Kate non sapeva se ridere o arrabbiarsi per quell’assurda proposta. Ma Castle non aveva ancora finito.
“La sera, se il tempo è buono, c’è un’atmosfera magica ed il prato… è morbido.” Continuò giocherellando con un ciuffo dei suoi capelli.
“La tua immaginazione non ha confini, almeno spero che sia solo quella, non sono sicura di voler sapere di più.” Castle guardò il soffitto cercando di ricordare qualcosa e lei gli diede un colpo al braccio col dorso della mano. La gelosia di Kate lo riempì di orgoglio.
“Vorresti portarmi a giocare a golf per lanciarti in una nuova esperienza di sesso?” Lo guardò incuriosita, non ancora sicura delle sue reali intenzioni.
Il sorriso di Castle divenne più malizioso. “Non ti sei mai tirata indietro su queste cose…”
Lei si morse le labbra fissandolo intensamente.  “Lo stai proponendo seriamente?”

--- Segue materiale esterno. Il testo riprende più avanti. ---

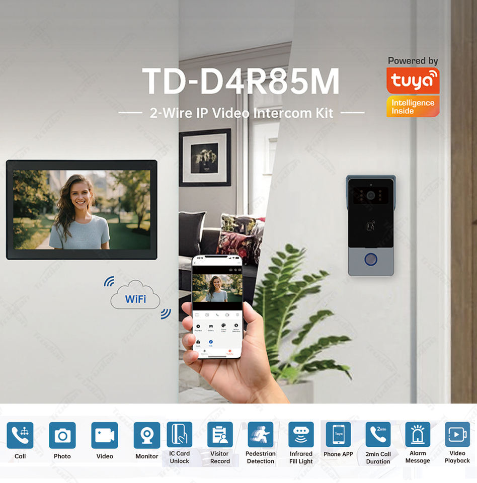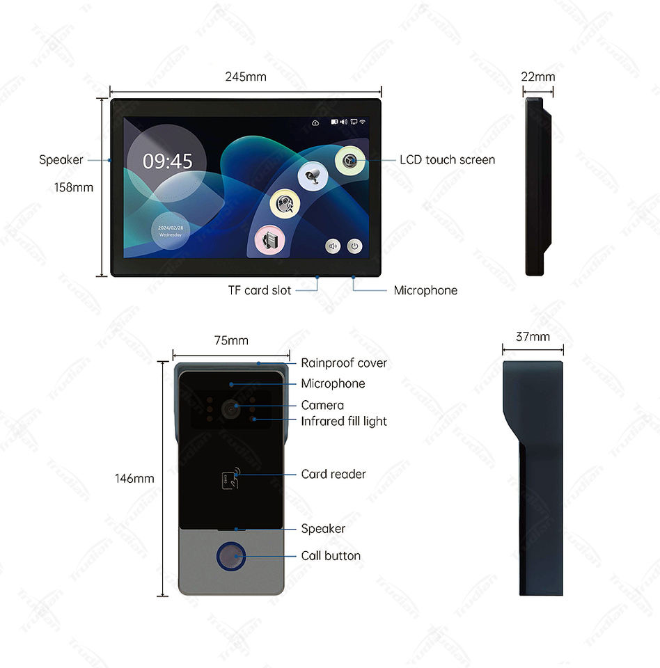 10 pulgadas HD 1080p Rfid Smart Tuya Wifi 2 cables Ip Ring Bell Open Video Intercom Door Phone Cámara y timbre de voz con memoria

“Non lo vuoi provare? Potrebbe essere più piacevole di quanto pensi.” Rispose di nuovo Castle andando a posare il telecomando.
Kate osservò gli occhi divertiti del suo uomo, farsi anche più furbi e lei sorrise, raccogliendo la provocazione.
“E perché no? Ma di notte è troppo facile…” rispose quindi andando ad umettarsi le labbra. Castle deglutì.
“Allora ci vieni?”
“No!” Rispose lei tornando a voltarsi verso il televisore, ma osservando con la coda dell’occhio le sue mosse.
“Ok, stavo scherzando!”
“Non lo stavi facendo.” Replicò Kate divertita dal loro ennesimo assurdo battibecco. I loro piccoli scontri verbali erano un toccasana per il suo morale a terra in quel periodo. Castle era sicuramente l’uomo migliore che potesse avere accanto dopo il suo repentino licenziamento dall’FBI.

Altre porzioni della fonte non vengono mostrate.